Reproduce exactly, with no pictures, each line from the opening of the material down through the line containing "Дизайн холодильника выполнен".
** Opening Recorded data block **
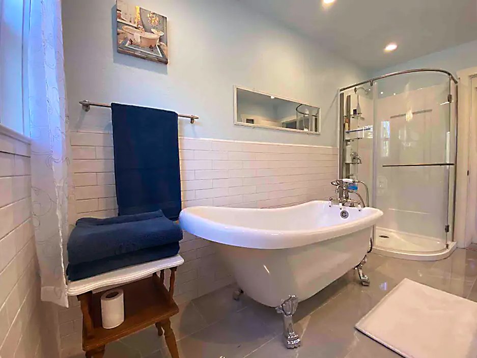 Blissfully enjoy our elegant and luxurious French clawfoot bathtub or modern standing shower. Crack open the bathroom window and enjoy the breeze and sounds of nature and sink into spa like comfort after a long day of hiking the mountains or driving to one of the many natural landscapes close by.
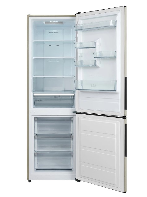 Дизайн холодильника выполнен в бежевом цвете, что позволяет ему гармонично вписаться в любой интерьер кухни.
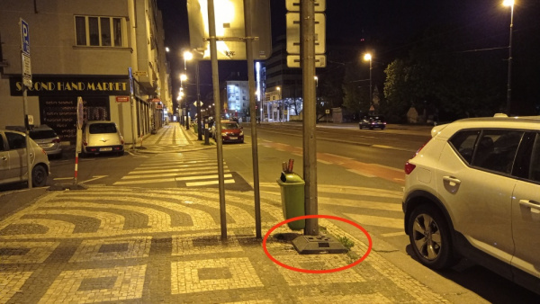 Na křižovatce Vinohradská x Hradecká se nachází zapomenutý podstavec po přenosné DZ.
** Closing Recorded data block **
The answer.
 Blissfully enjoy our elegant and luxurious French clawfoot bathtub or modern standing shower. Crack open the bathroom window and enjoy the breeze and sounds of nature and sink into spa like comfort after a long day of hiking the mountains or driving to one of the many natural landscapes close by.
 Дизайн холодильника выполнен в бежевом цвете, что позволяет ему гармонично вписаться в любой интерьер кухни.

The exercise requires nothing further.